Book Deconstructs Myth Surrounding Egypt’s Most-Famous Boy King
Reviewed by Kyle Pakka
Tutankhamun, King of Egypt: His Life and Afterlife
Aidan Dodson. AUC Press, 2023.
“Although Tutankhamun’s tomb is of importance from its impact on popular culture and interest in ancient Egypt, and its revelation as to what an intact tomb of a New Kingdom royal burial could look like, its discovery did relatively little to advance immediate scholarly understanding of the king himself.”

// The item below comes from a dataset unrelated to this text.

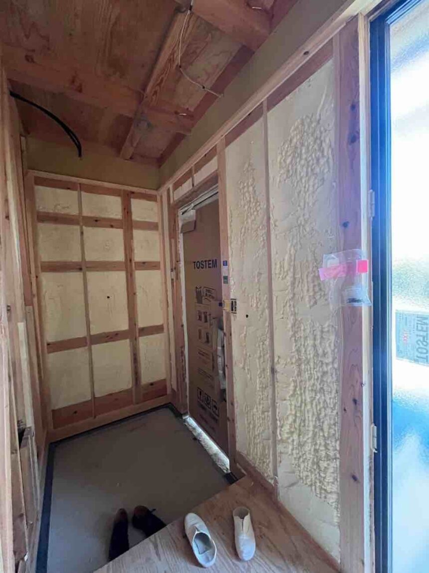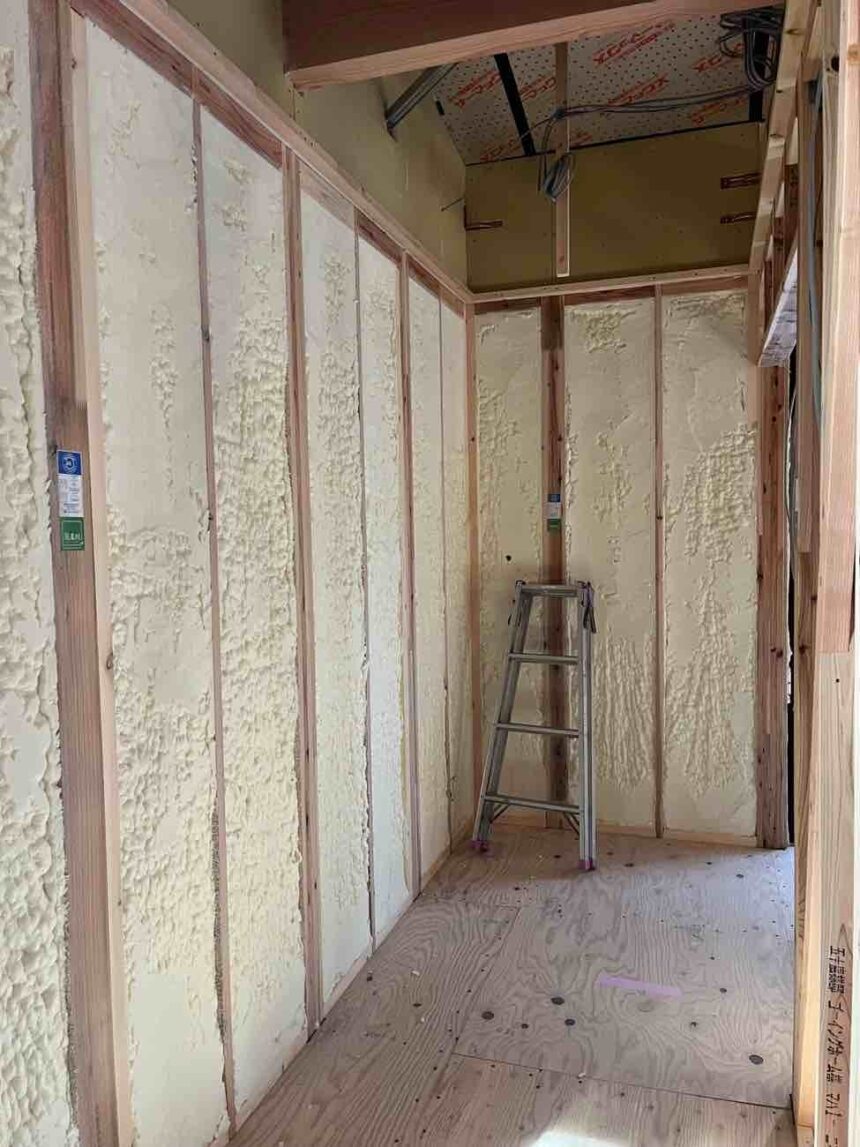 壁の吹付断熱が完了しました(^^

Like a detective working a missing-persons case, Aidan Dodson, an Egyptology professor at the University of Bristol, sifts the evidence—from tomb paintings to statuary to temple inscriptions—in his quest to recover the real King Tutankhamun, who ruled from 1333 BCE to 1323 BCE, from myth and restore him to life. The resulting book is both monumental in scope and microscopic in detail as Dodson reviews key questions about the Eighteenth Dynasty boy pharaoh’s parentage, early life, reign and afterlife. Dodson also delves into how the young ruler restored the traditional Egyptian pantheon in the wake of his father Akhenaten’s flirtation with monotheism, ambiguities about how and when Tutankhamun’s tomb was constructed and, of course, how this forgotten ruler became the center of Tut-mania when his tomb was unearthed in 1922. Brimming with illustrations, this engaging read may offer new information to even the most well-versed Tut enthusiasts.